Por outro lado, a despenalização, infelizmente, não reduz a criminalidade. Apenas desafoga o afogado sistema prisional. Resolve-se o problema da falta de presídio mas aumenta-se a insegurança jurídica e a certeza de que a prática de crime, nem sempre, tem conseqüências graves. Prisão deixou de ser sinônimo de medo ou respeito. Atualmente vemos menores falando da prisão como sendo algo sem importância, sem o temor que eu tinha quando adolescente. Quantas vezes já ouvi infratores dizendo: ‘beleza doutor, agora é cumprir a pena e depois prosseguir a vida’. Pergunto: ‘prosseguir como?’ Poucos dão emprego para quem passou pelo cárcere. Uma vez marcado pela prisão, somente com muito esforço pessoal se consegue manter honesto. Essa triste realidade precisa ser enfrentada por toda a sociedade. Não podemos continuar enviando para o cárcere e achar que o problema foi resolvido, porque não foi. Estamos apenas tirando dos nossos olhos, mas o problema está se agravando de forma silenciosa.

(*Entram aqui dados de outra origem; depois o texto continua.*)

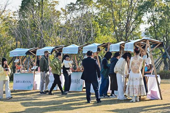 作为“文化+妇联”的基层活动试点,钟公庙街道将文化盛宴送到了百姓家门口。在欢乐海岸体育公园活动入口处设置的“宋韵打卡点”吸引众多群众驻足拍照,明州非遗坊的文创摊位展出剪纸、竹编等传统手工艺品,让观众在互动中体验文化魅力。钟公庙街道相关负责人表示,文化惠民,不能简单地把戏台搭起来让人看,而是要让每个人都成为主角。

Semana passada presenciei um Promotor de Justiça de Franca convocar adolescente que teve desentendimento insignificante na escola, para justificar a sua conduta. Num primeiro momento achei a conduta do promotor desnecessária, pois os fatos eram, ao meu ver, realmente ínfimos e não justificariam a intimação do menor e dos pais. No entanto, o promotor fez colocações severas ao adolescente e aos pais. Posso afirmar que todos saímos da audiência repensando nossas vidas. Certamente, o menor não mais agirá por impulso, pois terá, na sua memória, a audiência com o promotor. Não houve tolerância do Ministério Público quanto a intimação dos pais e do menor. Nesse caso, haverá efeitos. Houve tolerância apenas quanto a instalação de um procedimento contra o menor.

Pensando nisso, a OAB também deve ter tolerância zero para as violações das prerrogativas cometidas contra advogados. A violação dos direitos dos advogados fere o princípio constitucional da indispensabilidade dos advogados na aplicação da justiça. Há projeto de lei criando a figura de ilícito penal para o violador das prerrogativas profissionais dos advogados. Por outro lado, aos advogados, cabe observar o código de ética e disciplina, pois, deslizes atingem uma classe profissional que luta por justiça, que muitas vezes bate de frente contra injustiças praticadas por autoridades públicas. Um fato pode ter versões divergentes. A postura do advogado em confrontar um fato tido como certo e determinado por uma autoridade faz com que surja a justiça que está no equilíbrio. O enfrentamento é necessário e salutar e deve pautar-se no respeito e sempre na busca da tão almejada justiça. Deixar de observar as prerrogativas profissionais é o mesmo que acabar com a justiça.